All right, questions anybody about how we do a five member grain cyclization. All right, so the next thing I wanna talk about is mutarotation.
Something completely different. Well, not really completely different but. All right, so if we have a solution of D-glucose and we have it in water and we allow it to reach equilibrium so it doesn't matter which glucose,
it's a solution of D-glucose. It's gonna contain an equilibrium mixture of alpha-D-glucopyranose, beta-D-glucopyranose and their intermediate open chain form. That's the equilibrium mixture. And so here we have the alpha anomer.

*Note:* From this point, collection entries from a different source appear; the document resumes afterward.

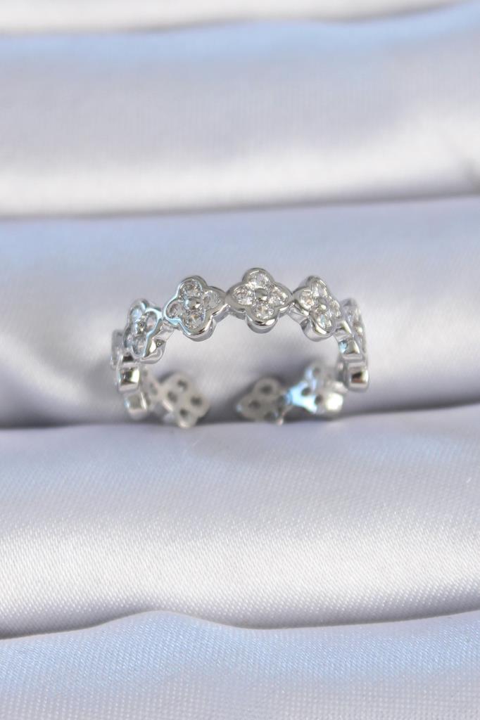 Pirinç Gümüş Renk Zirkon Taşlı Yonca Model Kadın Yüzük - TJ-BYK3305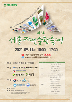 세종특별자치시가 오는 9월 11일 제13회 자원순환의 날을 기념해 '제3회 세종자원순환축제'를 온라인·비대면 방식으로 개최한다. 세종자원순환축제는 자원순환의 가치와 실천의 중요성을 알리기 위해 시와 시민, 환경단체가 손잡고 2019년 처음 시작해 올해로 3회째를 맞이했다. 제3회 세종자원순환축제는 세종YMCA, 세종환경운동연합, 세종YMCA자원순환센터, 마을과복지연구소, 마을기업 에코-루가 공동주최하고 테트라팩코리아의 후원으로 진행된다. 올해는 코로나19 확산방지를 위해 사전제작영상을 송출하거나 실시간 온라인 방송으로 진행된다. 시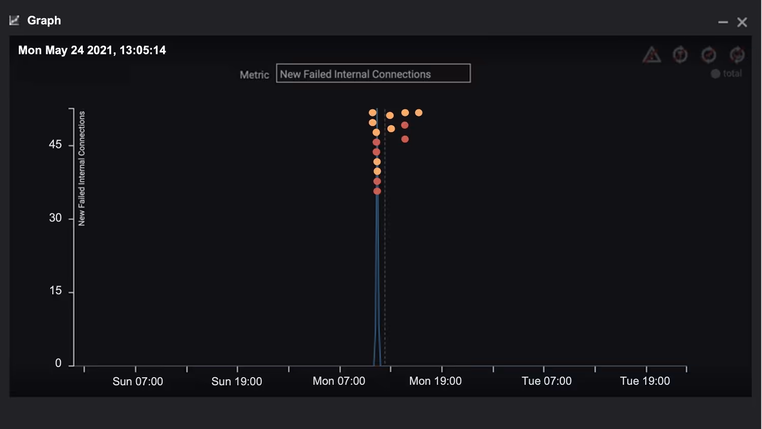 Figure 3: New failed internal connections performed by an initially infected desktop, in a similar incident. The graph highlights a surge in failed internal connections and model breaches.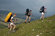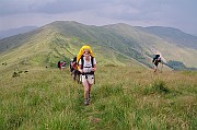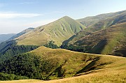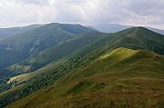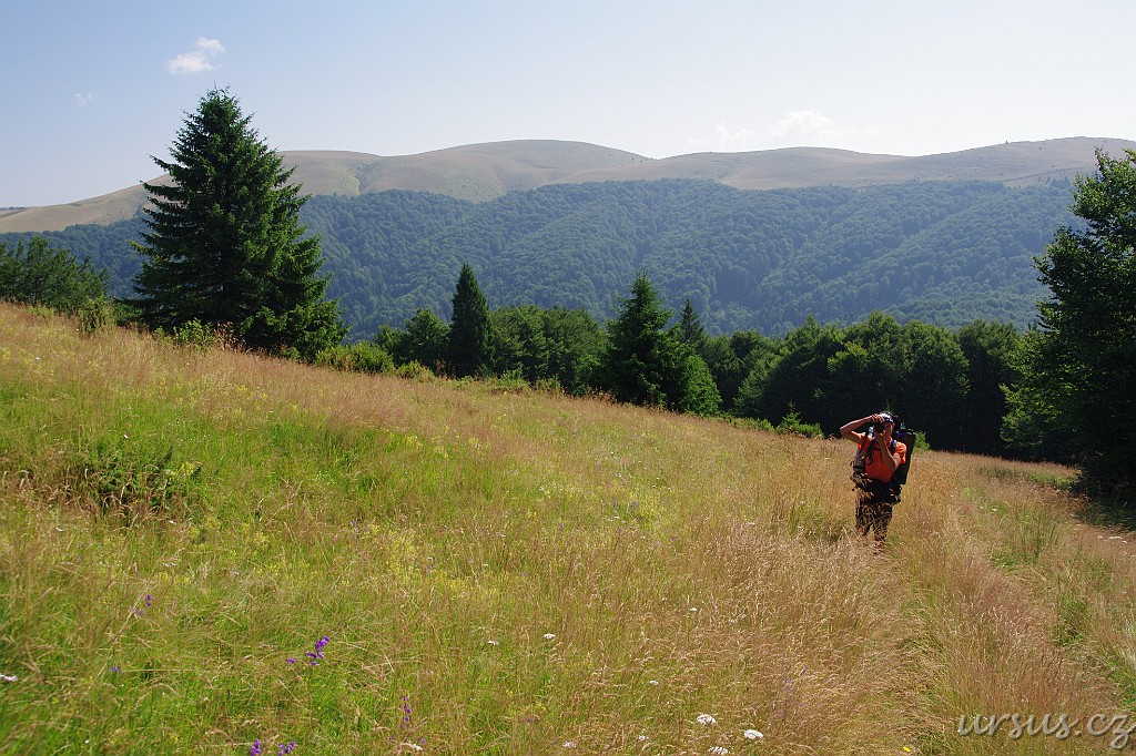 Hned po ránu nás čekal ostrý výstup lesem a pak už jsme se konečně dostali nad hranici souvislého lesa. Pěkně to jde vidět na příkladu protějšího hřebene.
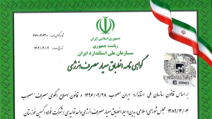به گزارش چیلان ،بر اساس استاندارد ملی ایران به شماره ۹۶۵۳، مصرف انرژی شرکت فولاد اکسین خوزستان برای فرآیند تولید آهن و فولاد در بازه زمانی سال ۱۴۰۰ با معیارهای تعیین شده منطبق بوده، به همین جهت گواهینامه انطباق معیار مصرف انرژی به شرکت تعلق یافت.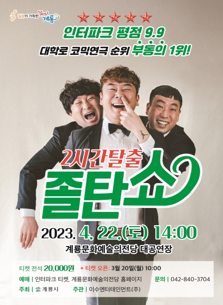 [Ytv영상스토리] 계룡시는 오는 22일 오후 2시 계룡문화예술의전당 대공연장에서 코믹연극 ‘2시간탈출 졸탄쇼’를 공연한다고 밝혔다.

This is open chain. I don't have the open chain drawn in a Fischer projection because it's gonna be cyclizing so I want it kind of in position to cyclize. And then we have the beta anomer. So what's gonna happen, this is a reversible reaction
and so this is going to, this is gonna cyclize to make either alpha or beta and then it's gonna open back up. So it's opening, closing, opening, closing, opening, closing. Okay, back and forth. So you could start with this and you'll still get the same equilibrium mixture. You could start with open chain completely.
You'd still get the same equilibrium mixture. You could start with the alpha anomer and you could, if you allow that to sit in water you're gonna still get the same equilibrium mixture and I'm gonna show you that right now. All right, so there's our equilibrium mixture and let's label that in equilibrium.
All right, now sugars are notoriously difficult to work with and crystallize. I don't know for science fair projects if you've ever tried to grow crystals of sugar.
Has anybody had any luck? Can I see a show of hands of people who've had luck doing that? It's kind of hard, isn't it? Okay, so what happens when you heat sugars up? So when you recrystallize something you put it in solution, you heat it up, you get everything to dissolve and then you allow a crystal to grow.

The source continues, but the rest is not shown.